→ **ASSIGNED TASK**:
The required output is the stretch from the line containing "24時間の変動率(図の%表示" through the line containing "Kies je ervoor" in the records below, unaltered and with no pictures.

→ **RECORDS TO USE**:

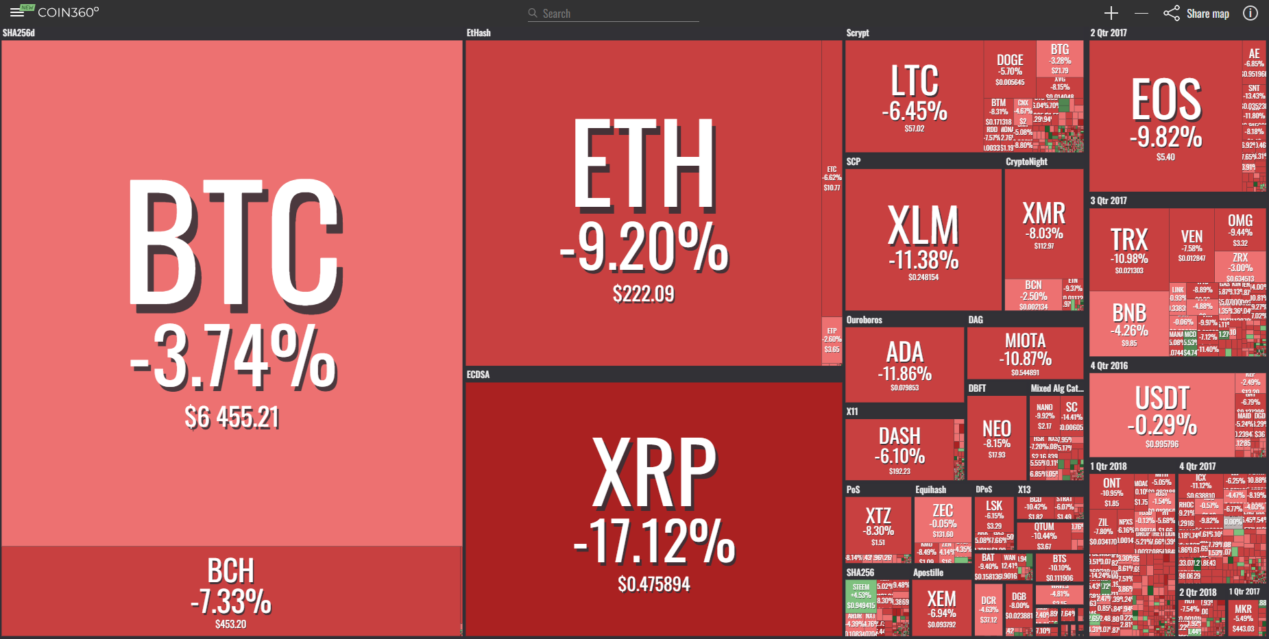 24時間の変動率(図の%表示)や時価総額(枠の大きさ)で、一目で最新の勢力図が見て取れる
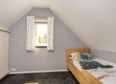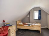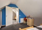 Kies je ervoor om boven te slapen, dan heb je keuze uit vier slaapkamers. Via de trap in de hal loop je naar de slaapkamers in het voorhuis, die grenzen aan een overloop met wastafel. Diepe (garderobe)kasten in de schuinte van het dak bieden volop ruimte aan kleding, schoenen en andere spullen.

---

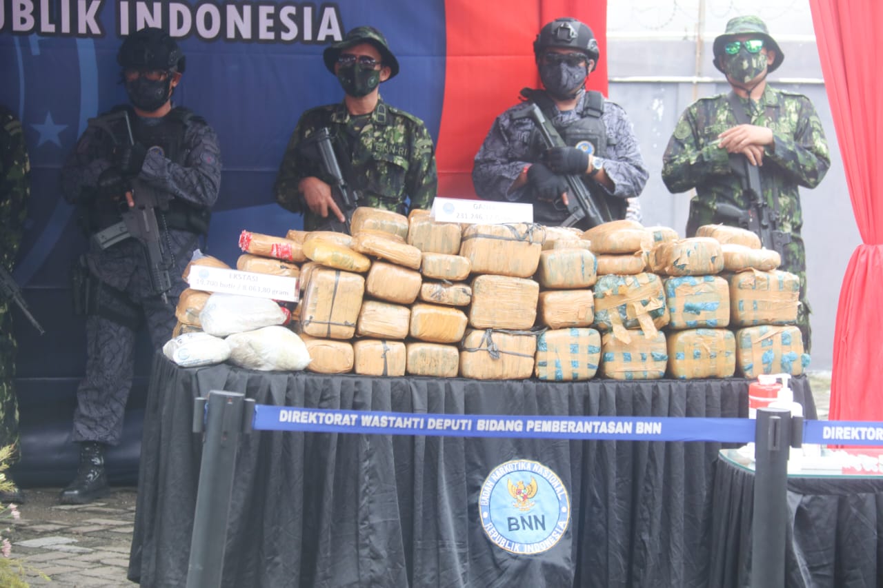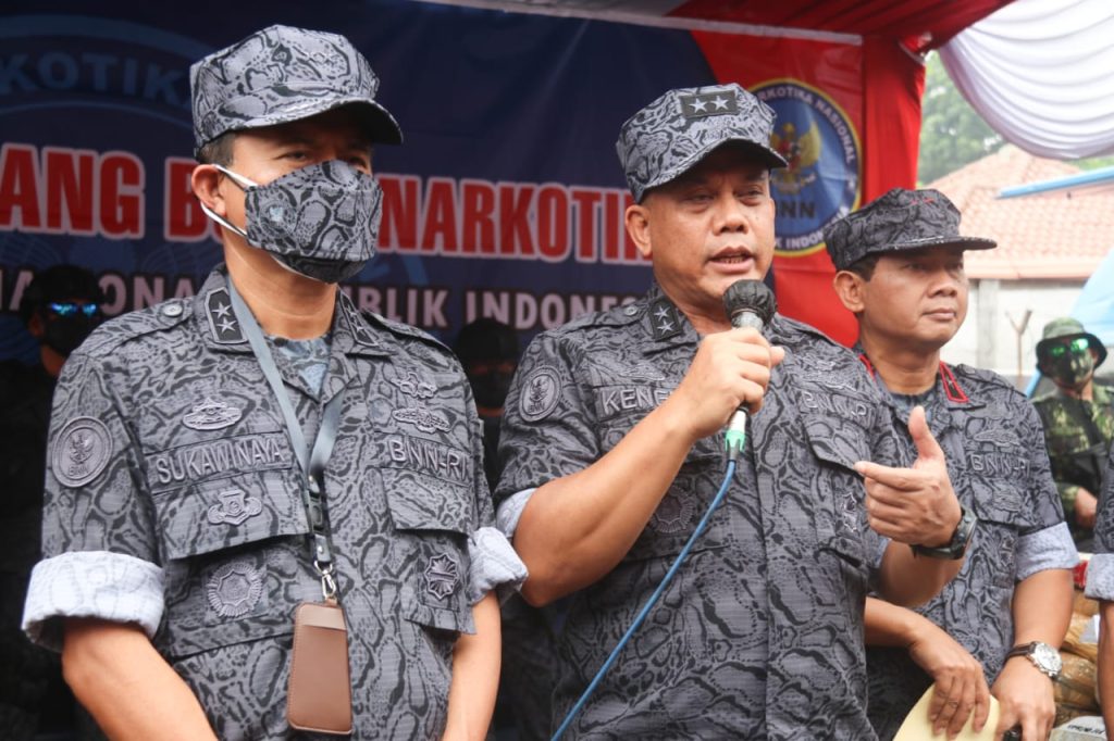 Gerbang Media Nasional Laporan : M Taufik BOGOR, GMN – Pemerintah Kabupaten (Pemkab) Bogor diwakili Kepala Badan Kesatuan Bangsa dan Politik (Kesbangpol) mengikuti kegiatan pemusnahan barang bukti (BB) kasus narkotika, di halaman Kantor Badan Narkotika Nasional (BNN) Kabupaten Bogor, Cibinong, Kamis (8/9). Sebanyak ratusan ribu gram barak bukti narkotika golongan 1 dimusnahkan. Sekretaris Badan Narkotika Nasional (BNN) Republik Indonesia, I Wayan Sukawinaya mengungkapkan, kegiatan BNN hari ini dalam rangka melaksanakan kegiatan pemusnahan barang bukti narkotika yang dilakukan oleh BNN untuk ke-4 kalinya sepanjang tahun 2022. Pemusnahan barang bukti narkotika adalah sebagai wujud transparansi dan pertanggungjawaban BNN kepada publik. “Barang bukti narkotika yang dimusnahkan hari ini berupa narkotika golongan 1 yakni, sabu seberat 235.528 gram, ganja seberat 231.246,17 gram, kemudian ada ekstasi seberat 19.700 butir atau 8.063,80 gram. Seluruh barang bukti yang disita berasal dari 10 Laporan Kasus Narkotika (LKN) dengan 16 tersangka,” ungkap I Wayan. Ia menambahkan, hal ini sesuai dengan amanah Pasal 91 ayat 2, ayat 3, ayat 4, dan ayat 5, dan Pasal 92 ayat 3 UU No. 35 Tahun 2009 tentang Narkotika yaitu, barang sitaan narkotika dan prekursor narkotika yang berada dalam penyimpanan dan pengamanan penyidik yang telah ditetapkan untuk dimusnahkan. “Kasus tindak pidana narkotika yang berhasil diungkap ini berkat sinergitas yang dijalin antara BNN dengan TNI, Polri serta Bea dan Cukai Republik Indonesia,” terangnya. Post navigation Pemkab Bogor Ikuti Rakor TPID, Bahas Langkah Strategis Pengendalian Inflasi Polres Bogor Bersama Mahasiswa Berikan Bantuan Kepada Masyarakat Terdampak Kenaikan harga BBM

---

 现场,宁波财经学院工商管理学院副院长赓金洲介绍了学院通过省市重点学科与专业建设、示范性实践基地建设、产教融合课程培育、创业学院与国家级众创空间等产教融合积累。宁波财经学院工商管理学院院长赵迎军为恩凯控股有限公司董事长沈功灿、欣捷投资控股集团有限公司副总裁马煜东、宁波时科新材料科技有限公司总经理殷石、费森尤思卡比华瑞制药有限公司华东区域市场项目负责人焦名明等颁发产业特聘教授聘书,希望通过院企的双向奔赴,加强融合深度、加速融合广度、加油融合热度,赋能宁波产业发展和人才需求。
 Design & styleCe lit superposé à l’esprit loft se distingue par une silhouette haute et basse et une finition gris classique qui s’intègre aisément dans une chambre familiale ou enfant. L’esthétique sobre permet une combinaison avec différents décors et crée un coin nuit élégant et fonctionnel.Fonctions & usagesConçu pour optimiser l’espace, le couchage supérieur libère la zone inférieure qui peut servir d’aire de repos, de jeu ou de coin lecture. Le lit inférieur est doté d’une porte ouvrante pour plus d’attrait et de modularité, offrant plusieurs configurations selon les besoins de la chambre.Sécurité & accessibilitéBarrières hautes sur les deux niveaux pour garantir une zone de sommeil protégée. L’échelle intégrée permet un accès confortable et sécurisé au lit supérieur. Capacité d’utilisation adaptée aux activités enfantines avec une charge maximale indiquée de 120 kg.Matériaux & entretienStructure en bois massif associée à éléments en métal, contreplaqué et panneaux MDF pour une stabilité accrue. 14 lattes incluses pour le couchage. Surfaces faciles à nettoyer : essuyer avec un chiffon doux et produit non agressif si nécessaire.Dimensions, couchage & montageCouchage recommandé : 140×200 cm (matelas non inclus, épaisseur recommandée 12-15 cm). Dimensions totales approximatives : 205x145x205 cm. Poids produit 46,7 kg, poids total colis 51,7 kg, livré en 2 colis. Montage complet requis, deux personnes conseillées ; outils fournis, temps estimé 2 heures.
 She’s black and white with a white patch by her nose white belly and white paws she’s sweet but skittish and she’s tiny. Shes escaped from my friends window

→ **RESPONSE AREA**:
 24時間の変動率(図の%表示)や時価総額(枠の大きさ)で、一目で最新の勢力図が見て取れる
 Kies je ervoor om boven te slapen, dan heb je keuze uit vier slaapkamers. Via de trap in de hal loop je naar de slaapkamers in het voorhuis, die grenzen aan een overloop met wastafel. Diepe (garderobe)kasten in de schuinte van het dak bieden volop ruimte aan kleding, schoenen en andere spullen.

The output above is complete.